PROBLEM STATEMENT ::
Return the records from the first line through the line containing "Dependence of the", and leave out the pictures.

RAW DATA ::
# # # #

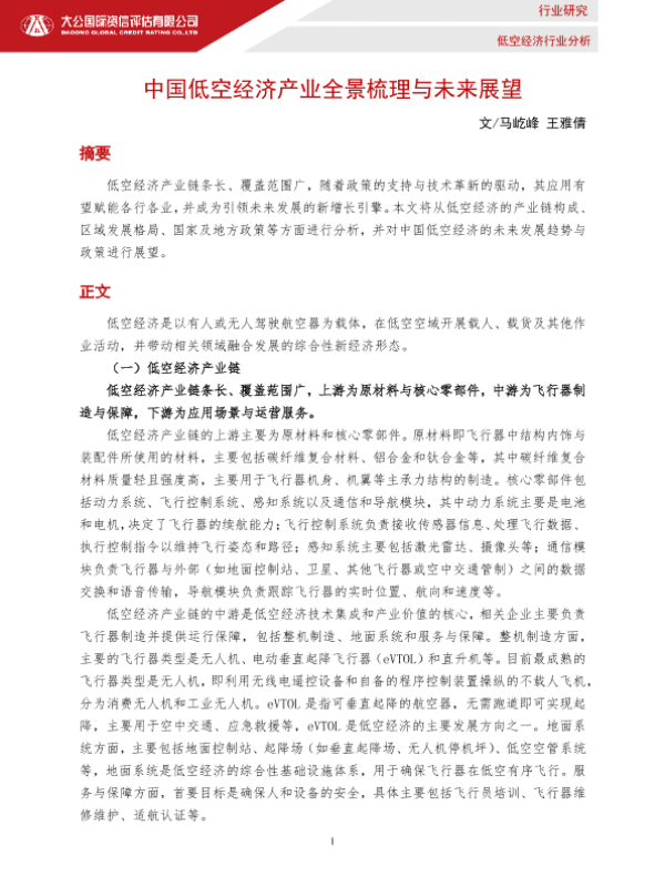 【大公国际】【2025】低空经济行业分析:中国低空经济产业全景梳理与未来展望-7页 行业研究
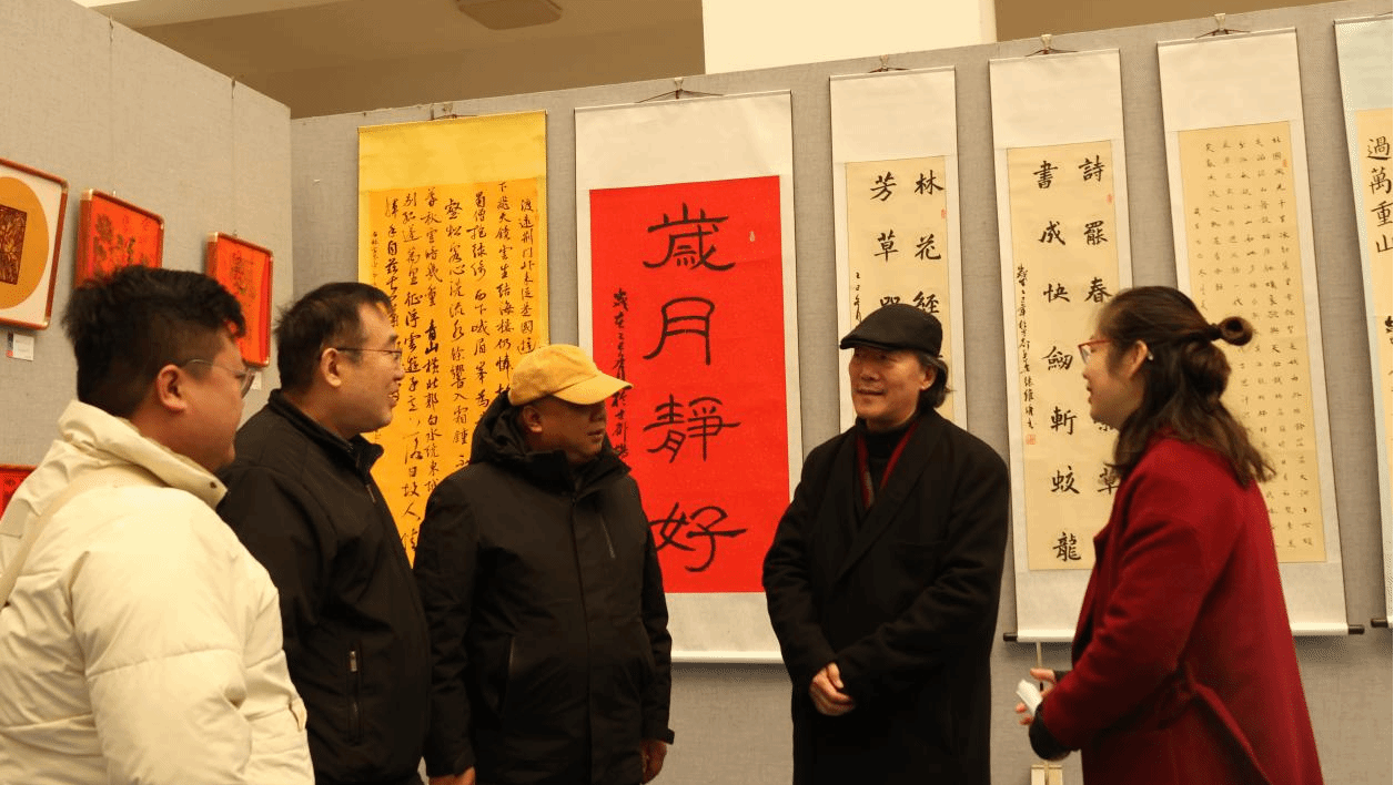 董事长姜寿山、党委书记王岗、常务副董事长黄新民、副董事长潘庆才、唐明晰,董事长助理罗文谦,365英国上市官方网站经理吴昊,西安市民族宗教事务委员会二级巡视员成崇辉,西安市民族文化馆馆长刘忠,陕西省书法家协会编辑工作委员会委员、西安市书法家协会副秘书长李林,西安市美术家协会教育培训中心主任张磊,西安市美术家协会教育培训中心副主任兼秘书长杨永庆,延安美协副主席刘志宏,西安市美术家协会教育培训中心副主任胡广利,陕西省美术家协会骊山创作中心会员陈玉杰,陕西省美术家协会会员、陕西省花鸟研究会理事李志远,西安市未央区传统木刻版画代表性传承人马萌,西安市书法家协会展览委员会委员潭均地,陕西省书法家协会会员洪永庆及公司各二级公司经理、职能处室负责人、师生等300余人,共同见证了这一文化盛事。
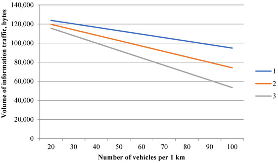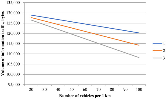 Dependence of the traffic volume available for transmitting information on the number of OBUs per 1 km (1, 2, and 3—confidentiality levels).
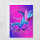 Beautiful purple and hot pink masquerade party invitation with pretty teal blue purple hot pink and royal blue feather mask on a gorgeous royal blue and hot pink background. This elegant hot pink purple and royal blue masquerade party invitation is easily customised for your event by simply adding your event details, font style, font size & colour, and wording. This is a printed design with no real glitter, feathers, jewels, etc.
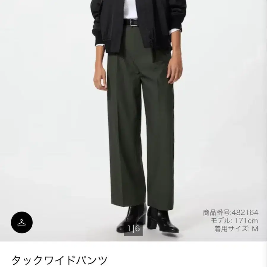 UNIQLO 턱 와이드 팬츠 S 다크 그린 카키

# # # #

ANSWER ::
 【大公国际】【2025】低空经济行业分析:中国低空经济产业全景梳理与未来展望-7页 行业研究
 董事长姜寿山、党委书记王岗、常务副董事长黄新民、副董事长潘庆才、唐明晰,董事长助理罗文谦,365英国上市官方网站经理吴昊,西安市民族宗教事务委员会二级巡视员成崇辉,西安市民族文化馆馆长刘忠,陕西省书法家协会编辑工作委员会委员、西安市书法家协会副秘书长李林,西安市美术家协会教育培训中心主任张磊,西安市美术家协会教育培训中心副主任兼秘书长杨永庆,延安美协副主席刘志宏,西安市美术家协会教育培训中心副主任胡广利,陕西省美术家协会骊山创作中心会员陈玉杰,陕西省美术家协会会员、陕西省花鸟研究会理事李志远,西安市未央区传统木刻版画代表性传承人马萌,西安市书法家协会展览委员会委员潭均地,陕西省书法家协会会员洪永庆及公司各二级公司经理、职能处室负责人、师生等300余人,共同见证了这一文化盛事。
 Dependence of the traffic volume available for transmitting information on the number of OBUs per 1 km (1, 2, and 3—confidentiality levels).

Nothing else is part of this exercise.